*WORK TO BE COMPLETED*
The span to repeat in the listing below runs from the line containing "28일 (이하 한국시간)" to the line containing "Olla eléctrica con", inclusive. Repeat it exactly, and only it.

*PROVIDED MATERIAL*
=====
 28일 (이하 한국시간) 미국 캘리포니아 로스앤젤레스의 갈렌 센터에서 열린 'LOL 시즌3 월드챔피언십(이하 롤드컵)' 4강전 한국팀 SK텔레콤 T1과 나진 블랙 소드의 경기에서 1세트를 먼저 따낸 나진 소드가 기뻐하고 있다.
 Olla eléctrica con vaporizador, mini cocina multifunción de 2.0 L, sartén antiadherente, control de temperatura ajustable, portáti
=====
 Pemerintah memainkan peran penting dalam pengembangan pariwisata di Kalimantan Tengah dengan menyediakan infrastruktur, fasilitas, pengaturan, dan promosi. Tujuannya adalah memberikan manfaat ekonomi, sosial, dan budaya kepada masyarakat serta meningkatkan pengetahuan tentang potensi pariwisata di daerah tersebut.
=====
*REPLY*
 28일 (이하 한국시간) 미국 캘리포니아 로스앤젤레스의 갈렌 센터에서 열린 'LOL 시즌3 월드챔피언십(이하 롤드컵)' 4강전 한국팀 SK텔레콤 T1과 나진 블랙 소드의 경기에서 1세트를 먼저 따낸 나진 소드가 기뻐하고 있다.
 Olla eléctrica con vaporizador, mini cocina multifunción de 2.0 L, sartén antiadherente, control de temperatura ajustable, portáti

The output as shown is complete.